--- YOUR OBJECTIVE ---
All pictures are to be skipped; retype only the lines from the top of the entries through the line with "ALPARSLAN DİYARI-Ek motorlu", both included.

--- TASK MATERIAL ---
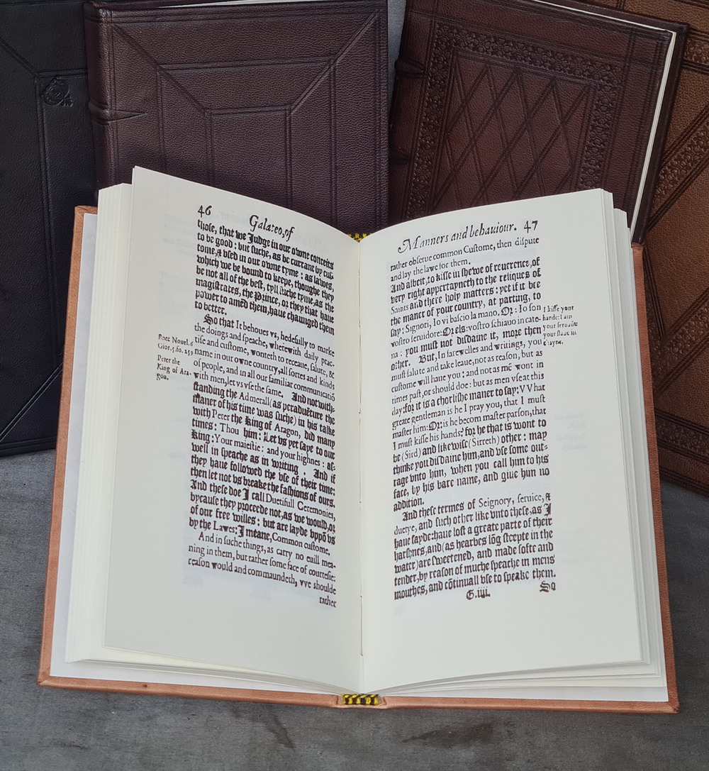 This facsimile book is covered with tan goat skin leather and is made by hand in the same way as they where in the 16th and 17th centuries. It has black and yellow headbands that reinforce the top and bottom of the spine. The paper is a high quality laid paper that has no water marks and there are 170 pages. The covers and spine are decorated with a blind tooling design copied from surviving examples from the same period as this was originally printed
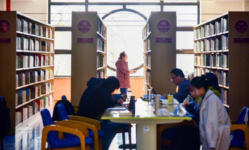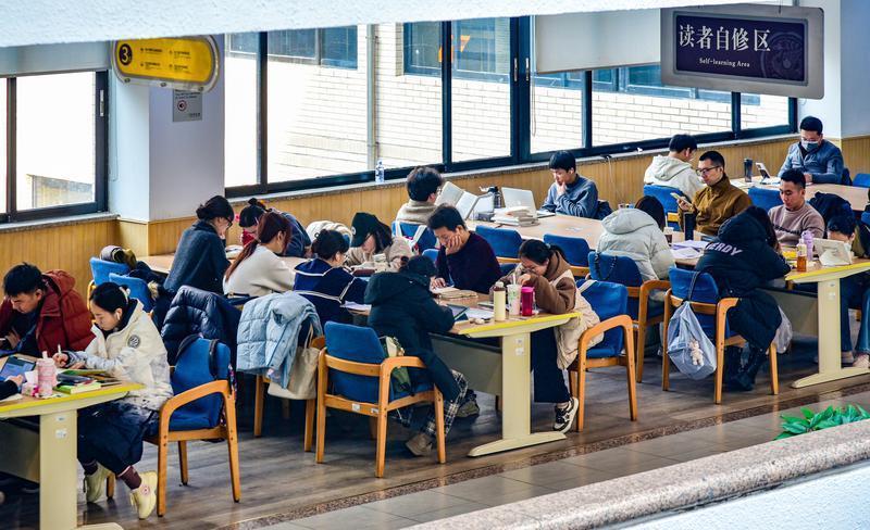 12月21日,读者在陕西省图书馆内阅读学习“充电”休闲。时值冬至,室外寒冷,温暖的陕西省图书馆迎来了读书热潮,不少市民在馆内阅读、自习,在书香气息中静享“悦读”时光。西安报业全媒体记者 王健 摄
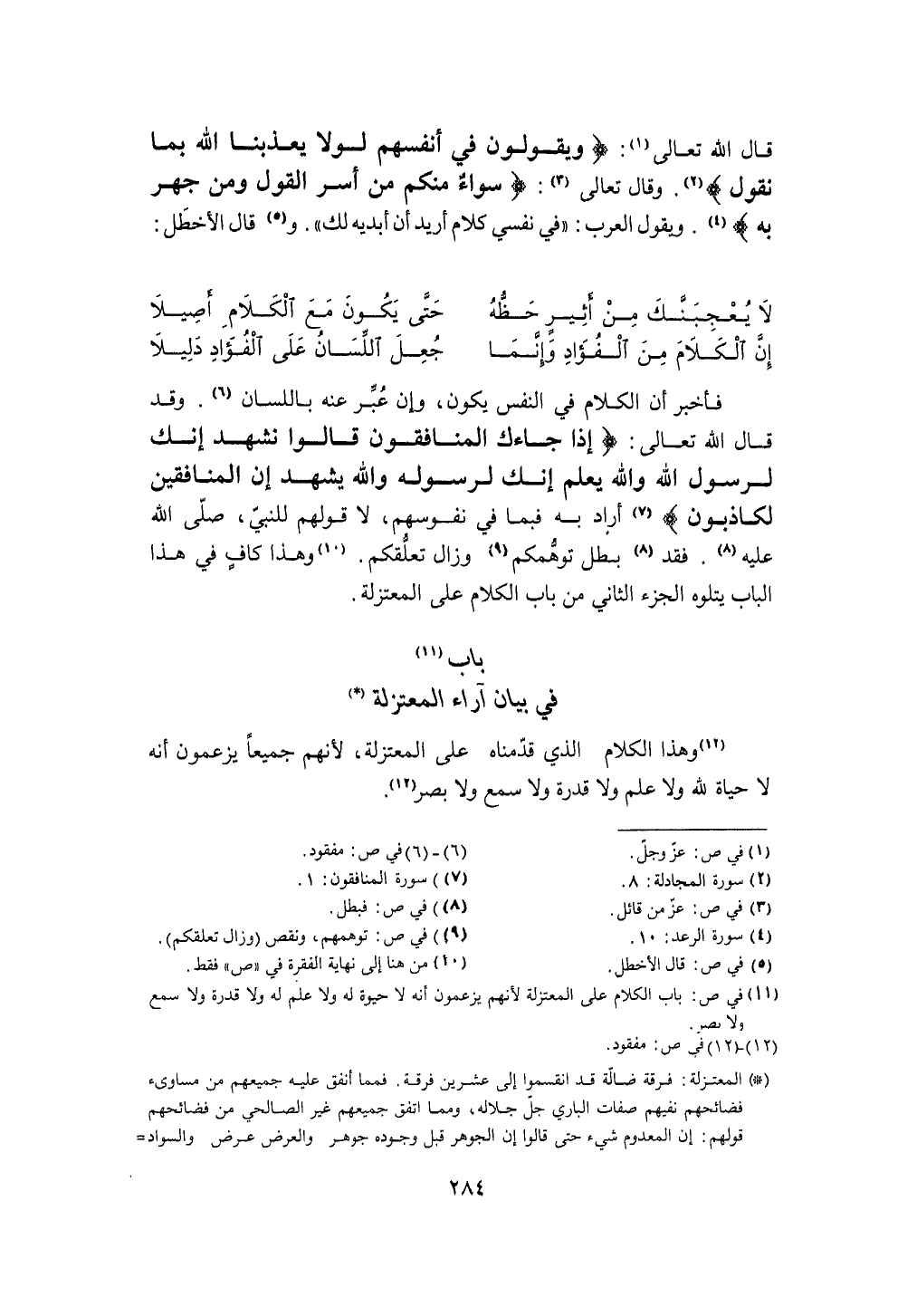 بَاب فِي بَيَان آراء الْمُعْتَزلَة
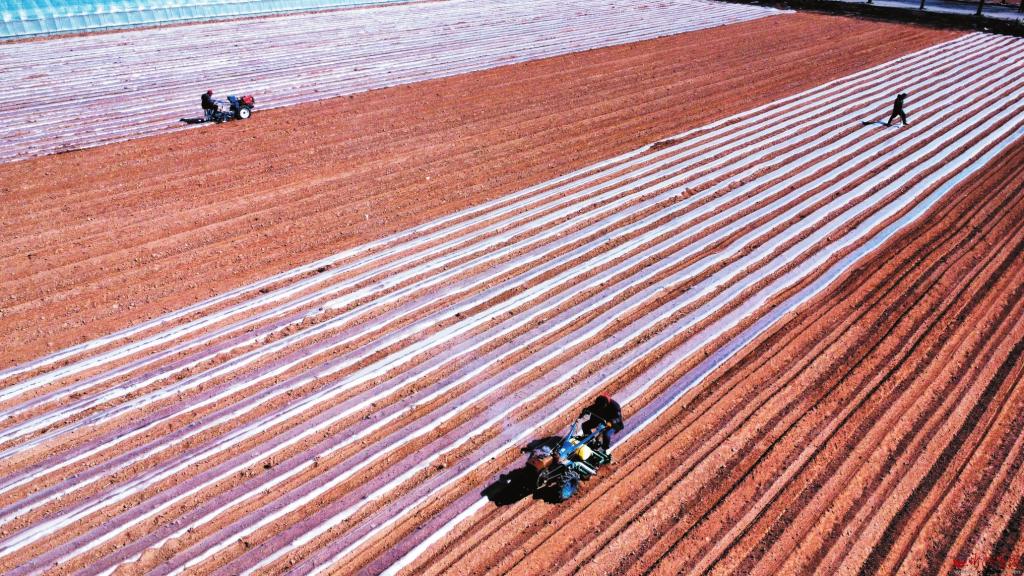 春光明媚農(nóng)事忙,原平市子干鄉(xiāng)田間,農(nóng)民正在覆蓋地膜。連日來(lái),該市搶抓農(nóng)時(shí),全力開(kāi)展春耕備耕工作,地頭一片忙碌景象。 (褚震 攝)
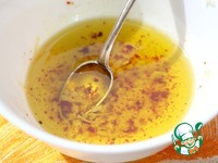 Сделать заправку: смешать оливковое масло с чесноком, солью и перцем чили. |
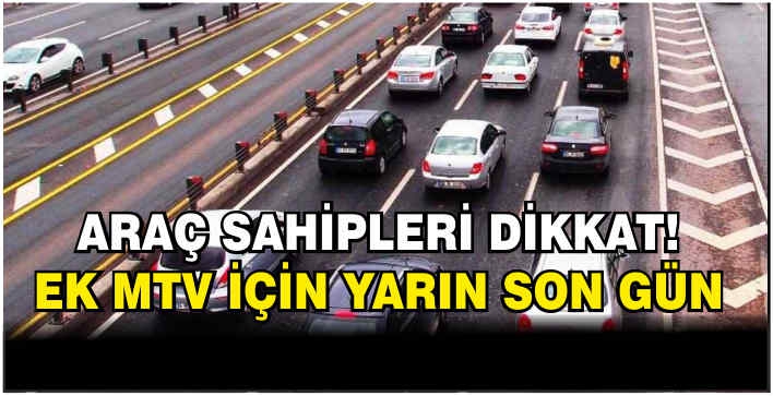 ALPARSLAN DİYARI-Ek motorlu taşıtlar vergisinin (MTV) ikinci taksiti için ödeme süresi yarın sona erecek.
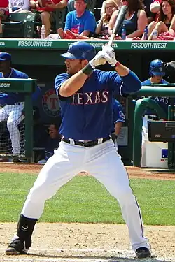During the offseason, Chuck Greenberg, who purchased the Rangers from Tom Hicks during the 2010 season along with Nolan Ryan, sold his interest in the team to Ryan, making him the Rangers' principal owner.[16] Notable player departures during the offseason included pitcher Cliff Lee and outfielder/designated hitter Vladimir Guerrero (both to free agency) and catcher Bengie Molina, who retired. Notable free agent additions during the offseason included pitchers Yoshinori Tateyama and Brandon Webb, catcher Yorvit Torrealba, and third-baseman Adrián Beltré. In January 2011, as part of a three-way trade with the Toronto Blue Jays and Los Angeles Angels of Anaheim, the Rangers acquired catcher Mike Napoli in exchange for pitcher Frank Francisco. During the season, the team acquired pitcher Koji Uehara from the Baltimore Orioles in exchange for infielder Chris Davis, and Mike Adams from the San Diego Padres in exchange for two minor-league pitchers. Pitcher Arthur Rhodes was released and signed with the St. Louis Cardinals days later; as a result, Rhodes would have been entitled to receive a World Series ring regardless of which team won.[17][18]
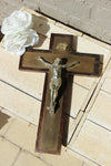 Antique french crucifixwood with metal christ 29.5 x 16 cm 1900s
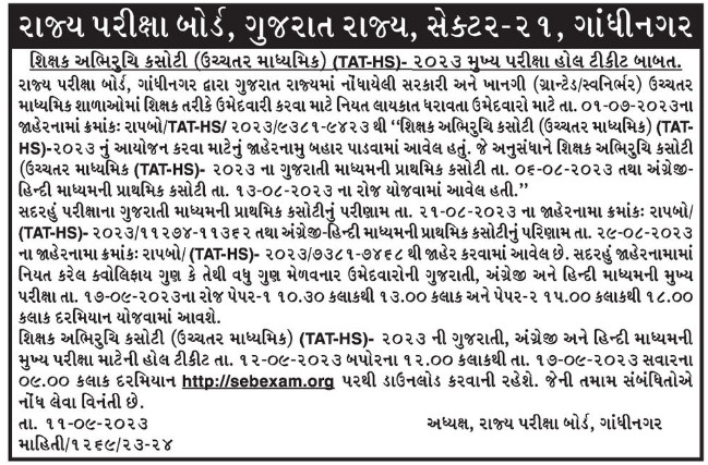 TAT Higher Secondary Mains Exam Call Letter Download Direct Link : The State Examination Board (SEB) published Call letter for Teacher Aptitude Test (Higher Secondary) (TAT-HS) Mains Exam 2023.Here Download SEB TAT HS Mains Exam Call Letter 2023 Below Important Link.
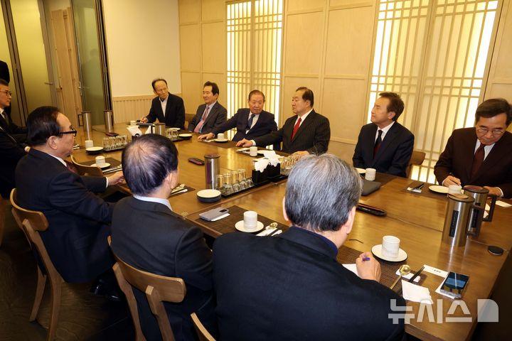 정대철 대한민국 헌정회장은 26일 서울 여의도에서 정치 원로들로 구성된 '나라걱정원로모임' 오찬 간담회를 가졌다.

--- ANSWER SECTION ---
 This facsimile book is covered with tan goat skin leather and is made by hand in the same way as they where in the 16th and 17th centuries. It has black and yellow headbands that reinforce the top and bottom of the spine. The paper is a high quality laid paper that has no water marks and there are 170 pages. The covers and spine are decorated with a blind tooling design copied from surviving examples from the same period as this was originally printed
 12月21日,读者在陕西省图书馆内阅读学习“充电”休闲。时值冬至,室外寒冷,温暖的陕西省图书馆迎来了读书热潮,不少市民在馆内阅读、自习,在书香气息中静享“悦读”时光。西安报业全媒体记者 王健 摄
 بَاب فِي بَيَان آراء الْمُعْتَزلَة
 春光明媚農(nóng)事忙,原平市子干鄉(xiāng)田間,農(nóng)民正在覆蓋地膜。連日來(lái),該市搶抓農(nóng)時(shí),全力開(kāi)展春耕備耕工作,地頭一片忙碌景象。 (褚震 攝)
 Сделать заправку: смешать оливковое масло с чесноком, солью и перцем чили. |
 ALPARSLAN DİYARI-Ek motorlu taşıtlar vergisinin (MTV) ikinci taksiti için ödeme süresi yarın sona erecek.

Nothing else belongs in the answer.